[[ Available data open ]]
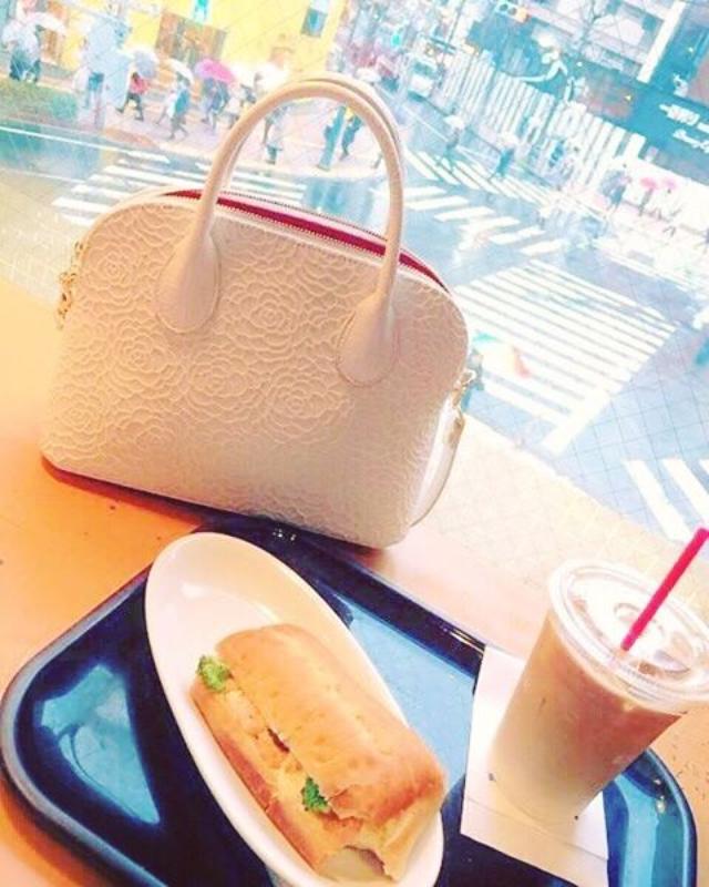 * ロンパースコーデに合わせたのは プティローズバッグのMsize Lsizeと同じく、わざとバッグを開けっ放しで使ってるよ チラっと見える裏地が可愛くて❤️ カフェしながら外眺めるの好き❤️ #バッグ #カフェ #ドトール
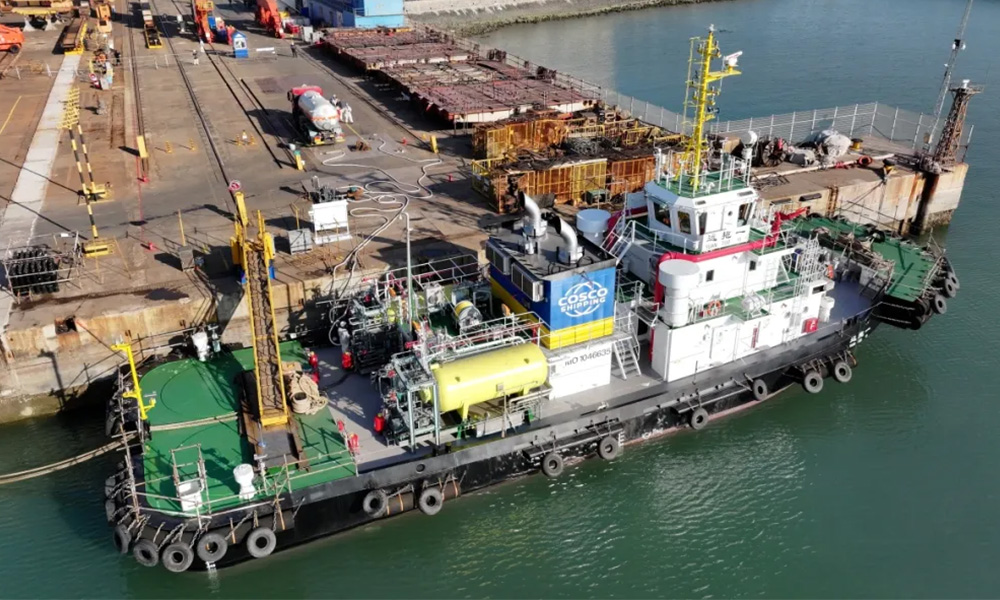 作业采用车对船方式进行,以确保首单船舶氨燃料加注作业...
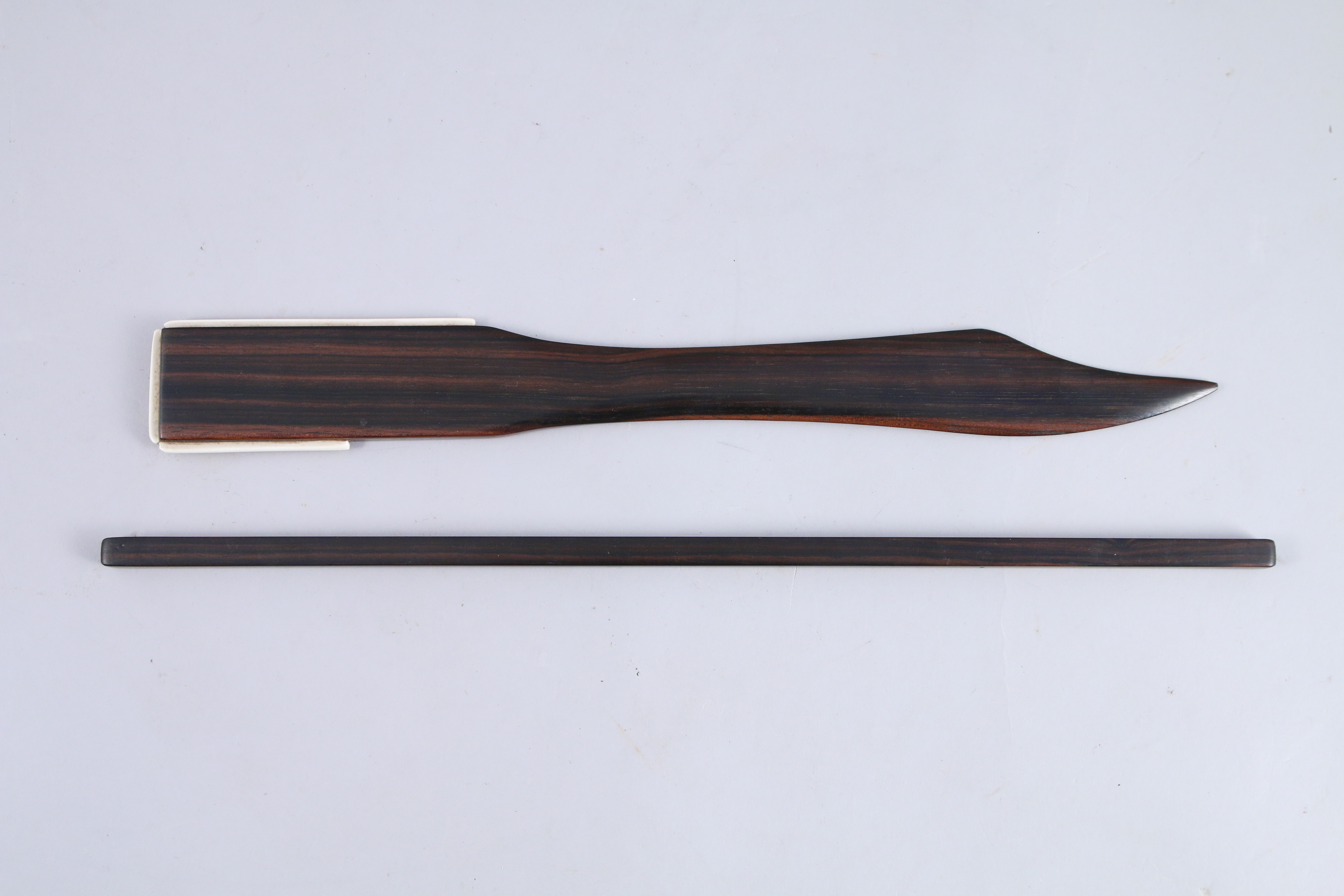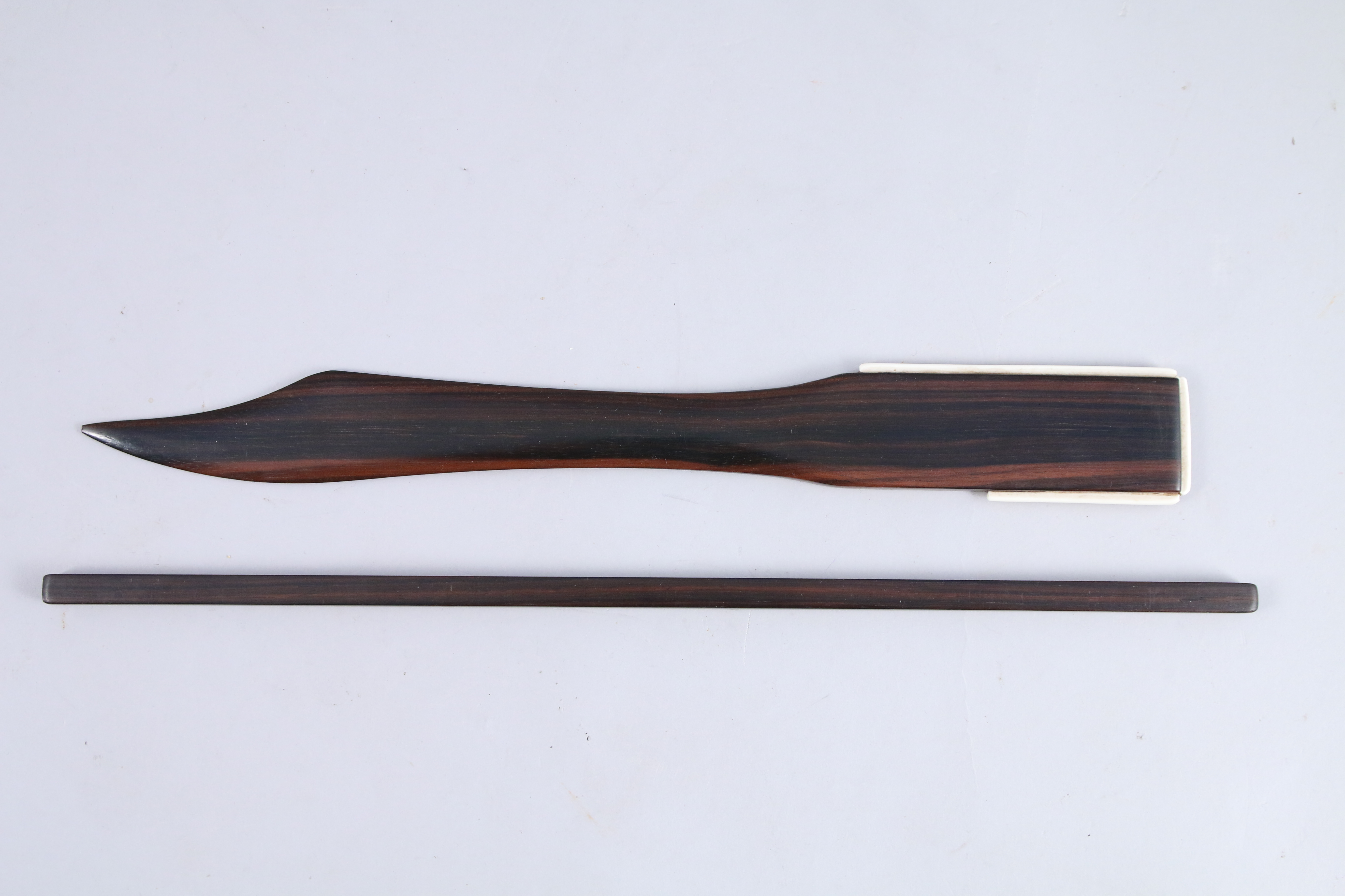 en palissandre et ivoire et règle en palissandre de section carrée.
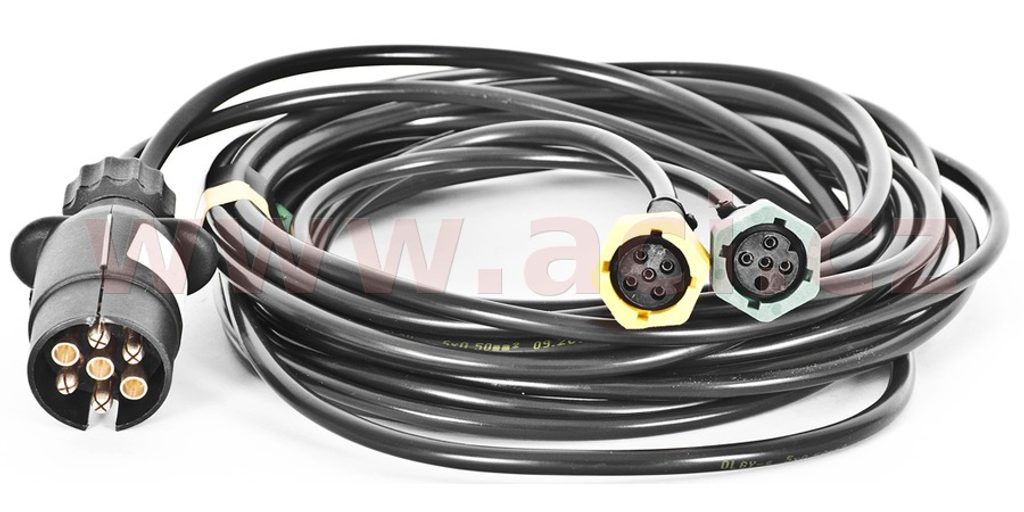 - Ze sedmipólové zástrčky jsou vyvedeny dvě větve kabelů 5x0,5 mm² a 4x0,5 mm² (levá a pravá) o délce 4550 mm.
[[ Available data closed ]]
Your answer should consist solely of the lines from the line with "en palissandre et" to the final line of the listing, set down word for word, pictures omitted.

» **Result below**:
 en palissandre et ivoire et règle en palissandre de section carrée.
 - Ze sedmipólové zástrčky jsou vyvedeny dvě větve kabelů 5x0,5 mm² a 4x0,5 mm² (levá a pravá) o délce 4550 mm.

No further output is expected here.